┌──

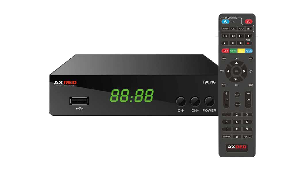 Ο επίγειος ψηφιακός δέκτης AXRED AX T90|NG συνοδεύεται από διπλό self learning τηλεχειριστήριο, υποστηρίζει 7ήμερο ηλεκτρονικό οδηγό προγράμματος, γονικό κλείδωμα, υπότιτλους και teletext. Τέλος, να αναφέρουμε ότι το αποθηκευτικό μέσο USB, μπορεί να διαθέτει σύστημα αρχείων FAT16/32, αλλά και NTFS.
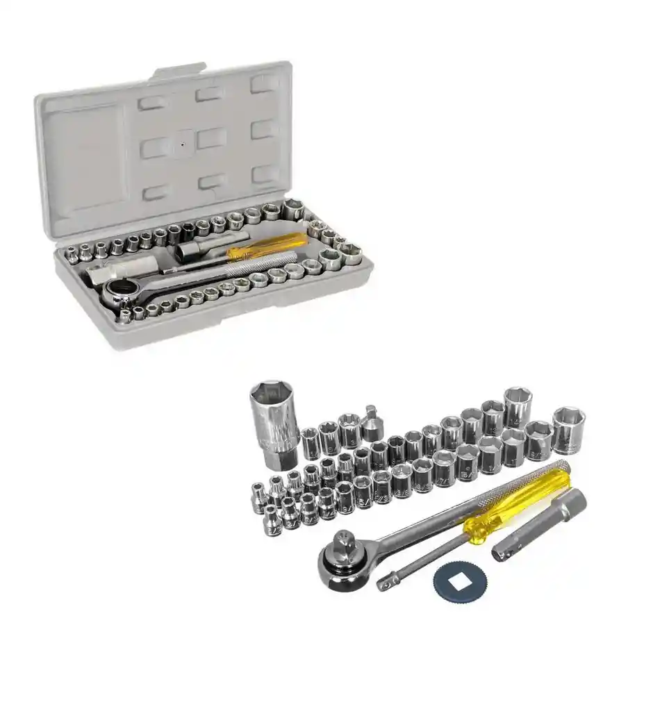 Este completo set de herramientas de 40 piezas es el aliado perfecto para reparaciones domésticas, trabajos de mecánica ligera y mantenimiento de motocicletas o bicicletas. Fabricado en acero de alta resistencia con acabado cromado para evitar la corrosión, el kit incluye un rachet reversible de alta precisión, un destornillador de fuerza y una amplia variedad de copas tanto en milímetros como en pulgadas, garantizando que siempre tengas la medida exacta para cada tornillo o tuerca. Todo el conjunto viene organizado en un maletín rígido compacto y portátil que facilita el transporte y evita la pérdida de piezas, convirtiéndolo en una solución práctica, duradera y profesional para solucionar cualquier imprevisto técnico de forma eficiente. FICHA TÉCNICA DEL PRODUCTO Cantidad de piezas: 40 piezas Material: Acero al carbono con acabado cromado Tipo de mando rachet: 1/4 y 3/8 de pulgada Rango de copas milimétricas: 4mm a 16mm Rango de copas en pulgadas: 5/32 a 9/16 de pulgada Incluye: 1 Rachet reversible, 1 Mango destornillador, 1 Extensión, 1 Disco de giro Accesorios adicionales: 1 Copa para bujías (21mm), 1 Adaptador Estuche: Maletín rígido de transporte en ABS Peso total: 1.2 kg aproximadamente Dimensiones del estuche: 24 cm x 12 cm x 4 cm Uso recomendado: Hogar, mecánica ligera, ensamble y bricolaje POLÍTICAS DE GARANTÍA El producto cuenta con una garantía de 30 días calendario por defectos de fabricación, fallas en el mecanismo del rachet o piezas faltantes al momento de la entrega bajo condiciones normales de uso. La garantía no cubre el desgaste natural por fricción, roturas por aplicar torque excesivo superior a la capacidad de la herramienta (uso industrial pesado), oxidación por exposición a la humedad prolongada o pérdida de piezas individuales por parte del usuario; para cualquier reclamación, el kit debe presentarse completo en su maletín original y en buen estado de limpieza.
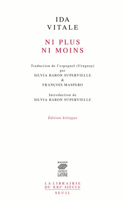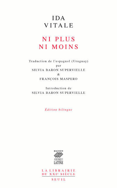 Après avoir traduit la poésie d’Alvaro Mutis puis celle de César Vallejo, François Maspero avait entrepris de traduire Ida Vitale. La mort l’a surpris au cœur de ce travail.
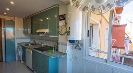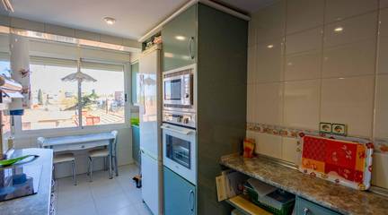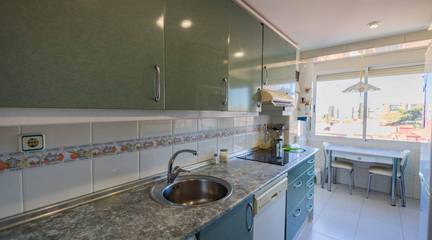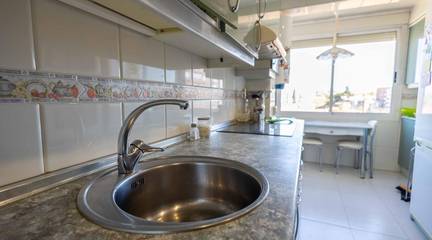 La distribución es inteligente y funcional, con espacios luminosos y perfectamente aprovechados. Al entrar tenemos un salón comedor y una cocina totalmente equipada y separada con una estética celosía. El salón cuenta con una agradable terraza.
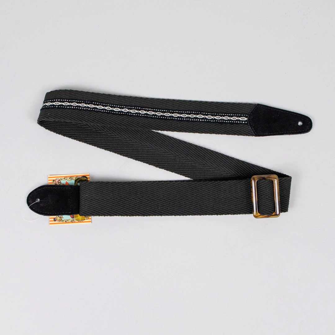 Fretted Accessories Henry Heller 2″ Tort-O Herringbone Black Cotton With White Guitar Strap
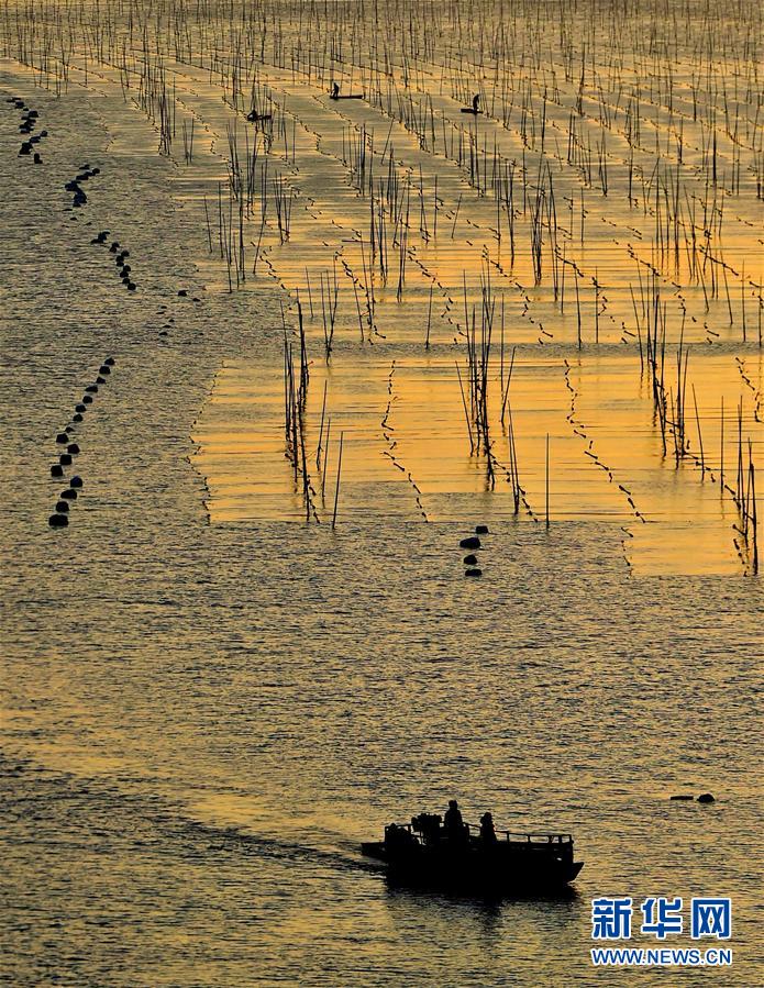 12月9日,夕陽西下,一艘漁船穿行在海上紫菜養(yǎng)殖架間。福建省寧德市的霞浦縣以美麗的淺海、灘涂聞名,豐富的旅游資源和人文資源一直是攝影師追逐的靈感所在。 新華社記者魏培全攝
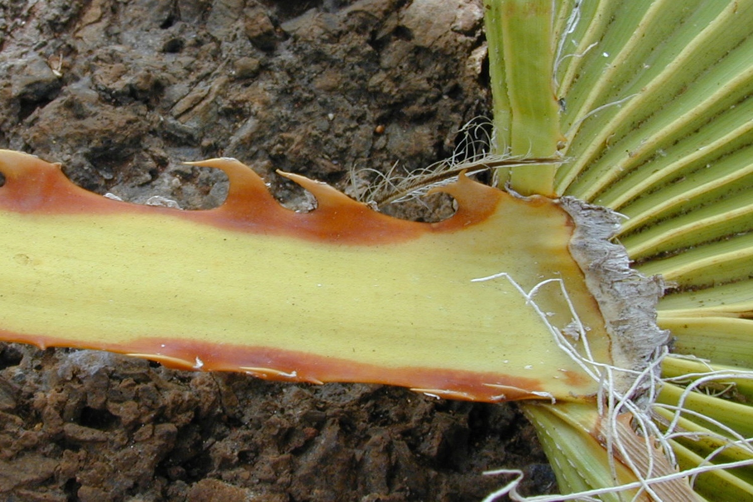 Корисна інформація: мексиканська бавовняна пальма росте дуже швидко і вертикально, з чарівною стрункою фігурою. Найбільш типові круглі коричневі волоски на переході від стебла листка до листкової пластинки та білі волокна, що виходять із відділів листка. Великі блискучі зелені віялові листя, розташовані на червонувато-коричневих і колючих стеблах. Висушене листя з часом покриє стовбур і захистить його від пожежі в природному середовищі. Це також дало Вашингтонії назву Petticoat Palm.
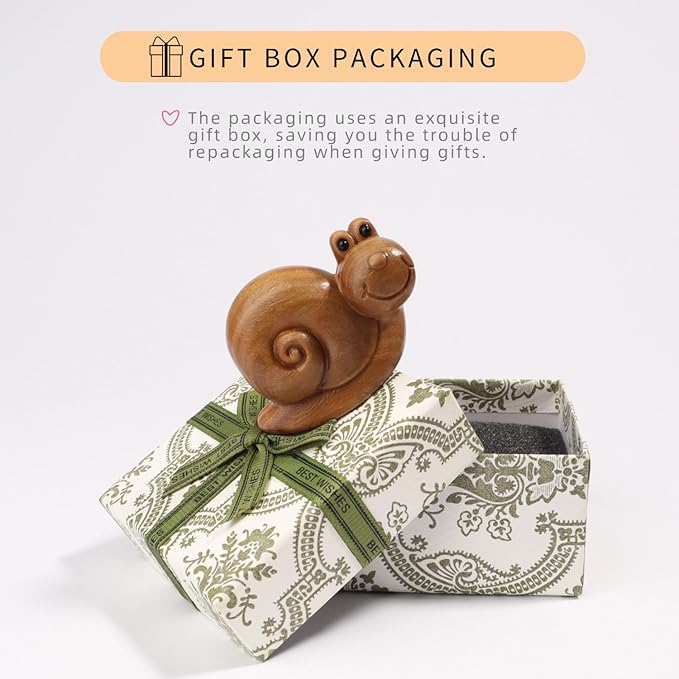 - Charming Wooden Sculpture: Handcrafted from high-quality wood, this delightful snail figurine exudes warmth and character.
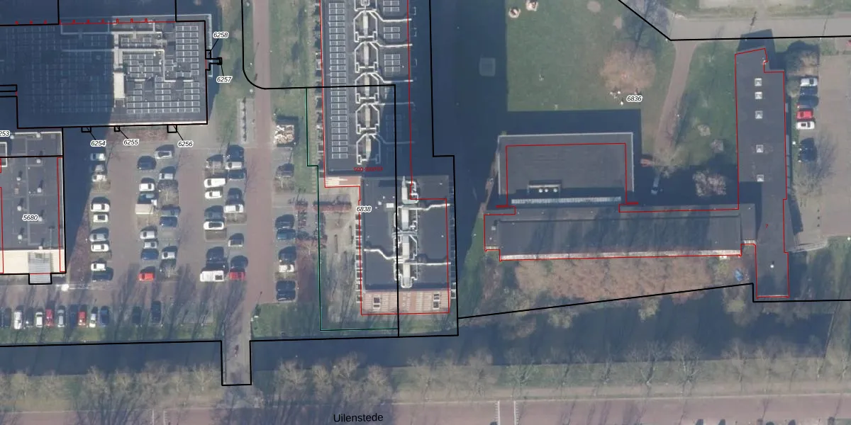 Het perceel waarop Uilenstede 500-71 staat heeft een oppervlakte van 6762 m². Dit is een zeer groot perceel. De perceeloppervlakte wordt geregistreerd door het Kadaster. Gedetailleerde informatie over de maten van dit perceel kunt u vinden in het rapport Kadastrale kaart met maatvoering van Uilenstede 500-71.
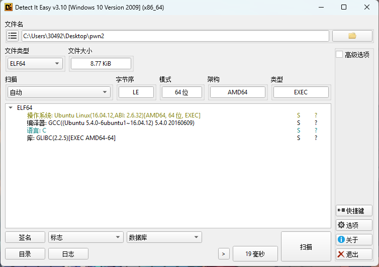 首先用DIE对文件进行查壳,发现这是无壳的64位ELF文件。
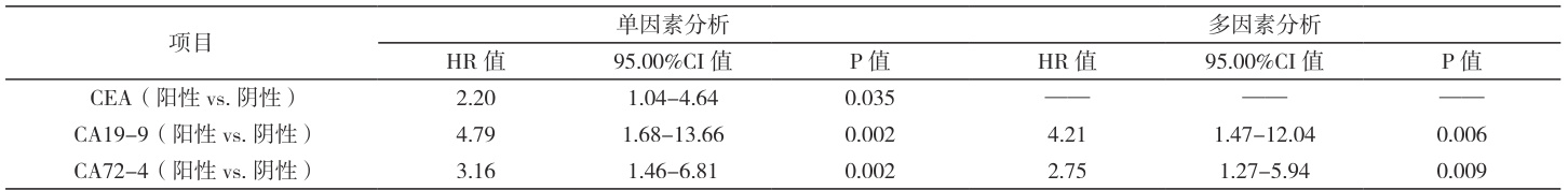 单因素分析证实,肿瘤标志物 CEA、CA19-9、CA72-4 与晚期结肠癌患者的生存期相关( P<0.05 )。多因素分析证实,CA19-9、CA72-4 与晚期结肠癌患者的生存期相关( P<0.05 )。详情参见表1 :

└──

→ **DESCRIPTION OF THE TASK**
Set down each of the records precisely, leaving any pictures behind.

→ **EXERCISE ANSWER**
 Ο επίγειος ψηφιακός δέκτης AXRED AX T90|NG συνοδεύεται από διπλό self learning τηλεχειριστήριο, υποστηρίζει 7ήμερο ηλεκτρονικό οδηγό προγράμματος, γονικό κλείδωμα, υπότιτλους και teletext. Τέλος, να αναφέρουμε ότι το αποθηκευτικό μέσο USB, μπορεί να διαθέτει σύστημα αρχείων FAT16/32, αλλά και NTFS.
 Este completo set de herramientas de 40 piezas es el aliado perfecto para reparaciones domésticas, trabajos de mecánica ligera y mantenimiento de motocicletas o bicicletas. Fabricado en acero de alta resistencia con acabado cromado para evitar la corrosión, el kit incluye un rachet reversible de alta precisión, un destornillador de fuerza y una amplia variedad de copas tanto en milímetros como en pulgadas, garantizando que siempre tengas la medida exacta para cada tornillo o tuerca. Todo el conjunto viene organizado en un maletín rígido compacto y portátil que facilita el transporte y evita la pérdida de piezas, convirtiéndolo en una solución práctica, duradera y profesional para solucionar cualquier imprevisto técnico de forma eficiente. FICHA TÉCNICA DEL PRODUCTO Cantidad de piezas: 40 piezas Material: Acero al carbono con acabado cromado Tipo de mando rachet: 1/4 y 3/8 de pulgada Rango de copas milimétricas: 4mm a 16mm Rango de copas en pulgadas: 5/32 a 9/16 de pulgada Incluye: 1 Rachet reversible, 1 Mango destornillador, 1 Extensión, 1 Disco de giro Accesorios adicionales: 1 Copa para bujías (21mm), 1 Adaptador Estuche: Maletín rígido de transporte en ABS Peso total: 1.2 kg aproximadamente Dimensiones del estuche: 24 cm x 12 cm x 4 cm Uso recomendado: Hogar, mecánica ligera, ensamble y bricolaje POLÍTICAS DE GARANTÍA El producto cuenta con una garantía de 30 días calendario por defectos de fabricación, fallas en el mecanismo del rachet o piezas faltantes al momento de la entrega bajo condiciones normales de uso. La garantía no cubre el desgaste natural por fricción, roturas por aplicar torque excesivo superior a la capacidad de la herramienta (uso industrial pesado), oxidación por exposición a la humedad prolongada o pérdida de piezas individuales por parte del usuario; para cualquier reclamación, el kit debe presentarse completo en su maletín original y en buen estado de limpieza.
 Après avoir traduit la poésie d’Alvaro Mutis puis celle de César Vallejo, François Maspero avait entrepris de traduire Ida Vitale. La mort l’a surpris au cœur de ce travail.
 La distribución es inteligente y funcional, con espacios luminosos y perfectamente aprovechados. Al entrar tenemos un salón comedor y una cocina totalmente equipada y separada con una estética celosía. El salón cuenta con una agradable terraza.
 Fretted Accessories Henry Heller 2″ Tort-O Herringbone Black Cotton With White Guitar Strap
 12月9日,夕陽西下,一艘漁船穿行在海上紫菜養(yǎng)殖架間。福建省寧德市的霞浦縣以美麗的淺海、灘涂聞名,豐富的旅游資源和人文資源一直是攝影師追逐的靈感所在。 新華社記者魏培全攝
 Корисна інформація: мексиканська бавовняна пальма росте дуже швидко і вертикально, з чарівною стрункою фігурою. Найбільш типові круглі коричневі волоски на переході від стебла листка до листкової пластинки та білі волокна, що виходять із відділів листка. Великі блискучі зелені віялові листя, розташовані на червонувато-коричневих і колючих стеблах. Висушене листя з часом покриє стовбур і захистить його від пожежі в природному середовищі. Це також дало Вашингтонії назву Petticoat Palm.
 - Charming Wooden Sculpture: Handcrafted from high-quality wood, this delightful snail figurine exudes warmth and character.
 Het perceel waarop Uilenstede 500-71 staat heeft een oppervlakte van 6762 m². Dit is een zeer groot perceel. De perceeloppervlakte wordt geregistreerd door het Kadaster. Gedetailleerde informatie over de maten van dit perceel kunt u vinden in het rapport Kadastrale kaart met maatvoering van Uilenstede 500-71.
 首先用DIE对文件进行查壳,发现这是无壳的64位ELF文件。
 单因素分析证实,肿瘤标志物 CEA、CA19-9、CA72-4 与晚期结肠癌患者的生存期相关( P<0.05 )。多因素分析证实,CA19-9、CA72-4 与晚期结肠癌患者的生存期相关( P<0.05 )。详情参见表1 :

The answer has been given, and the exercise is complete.